Show that for all integers congruent modulo 11

[Lelouch]

Homework Statement

Let $a, b, c \in \mathbb{N \setminus \{0 \}}$. Show that for all $n \in \mathbb{Z}$ we have

$$n^{11a + 21b + 31c} \equiv n^{a + b + c} \quad (mod \text{ } 11).$$

Homework Equations

The Attempt at a Solution

We have to show that $11 | (n^{11a + 21b + 31c} - n^{a + b + c}) \iff \exists k \in \mathbb{Z} : n^{11a + 21b + 31c} - n^{a + b + c} = 11k.$

I tried showing that $11 | n^{11a + 21b + 31c}$ and $11 | - n^{a + b + c}$ and then conclude that $11 | (n^{11a + 21b + 31c} - n^{a + b + c})$. I also tried breaking down the variables in even and odd but that gave me too many cases which became tedious very fast. I also tried induction on a keeping b,c fixed.

 

[fresh_42]

Have you tried to work with $(n^{a+2b+3c})^{10} \equiv 0 \operatorname{mod} 11$ and perhaps the divisibility criterion of $11$ (alternating digit sum)?
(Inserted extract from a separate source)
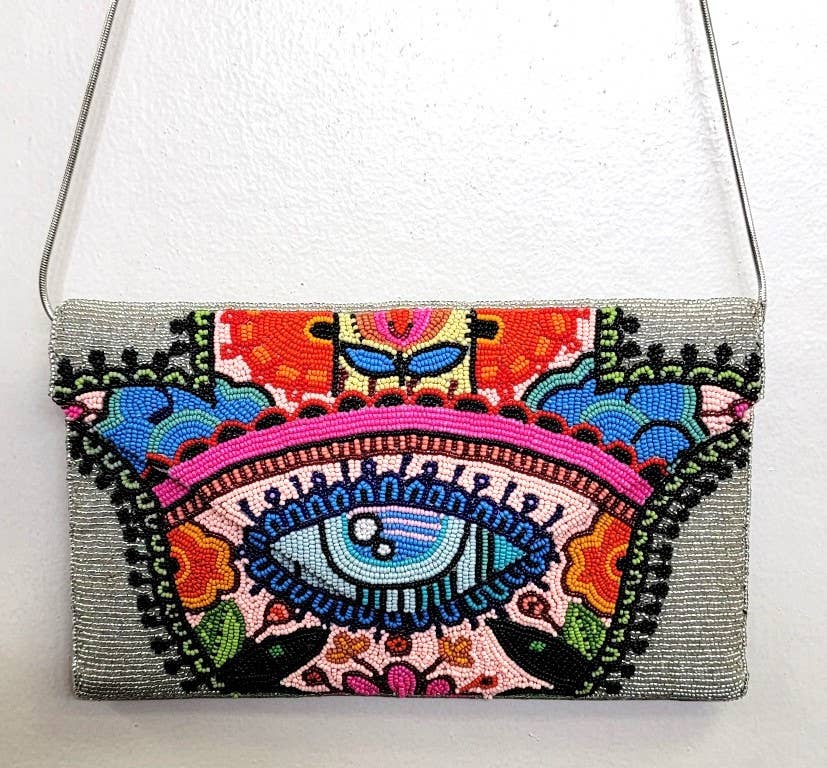 EMBROIDERADA À MÃO, COM MISSANGAS EM TODOS OS LADOS, FLORAL MULTICOLORIDO, TOTALMENTE FORRADA, CLUTCH COM CORRENTE A TIRACOLO

Or consider which remainders modulo $11$ become $0$ if taken to the $10-$th power.

 

[Lelouch]

What I've done is used Fermat's Little Theorem like this

\begin{equation*}
\begin{split}
n^{11a + 21b + 31c} & \equiv n^{11a}n^{21b}n^{31c} \text{ (mod 11)} \\
& \equiv (n^{a})^{11}(n^{b})^{11} (n^{b})^{10}(n^{c})^{11}(n^{c})^{11}(n^{c})^{9} \text{ (mod 11)} \\
& \equiv n^{a}n^{b} (n^{b})^{10}n^{c}n^{c}(n^{c})^{9} \text{ (mod 11)} \\
& \equiv n^{a}(n^{b})^{11}(n^{c})^{11} \text{ (mod 11)} \\
& \equiv n^{a}n^{b}n^{c} \text{ (mod 11)}.
\end{split}
\end{equation*}

Since 11 is a prime number we have by Fermat's Little Theorem that

\begin{equation*}
(n^{a})^{11} \equiv n^{a} \text{ (mod 11)} \quad \land \quad
(n^{b})^{11} \equiv n^{a} \text{ (mod 11)} \quad \land \quad (n^{c})^{11} \equiv n^{a} \text{ (mod 11)}.
\end{equation*}

Is this correct?

 

[fresh_42]

Yes, that's fine.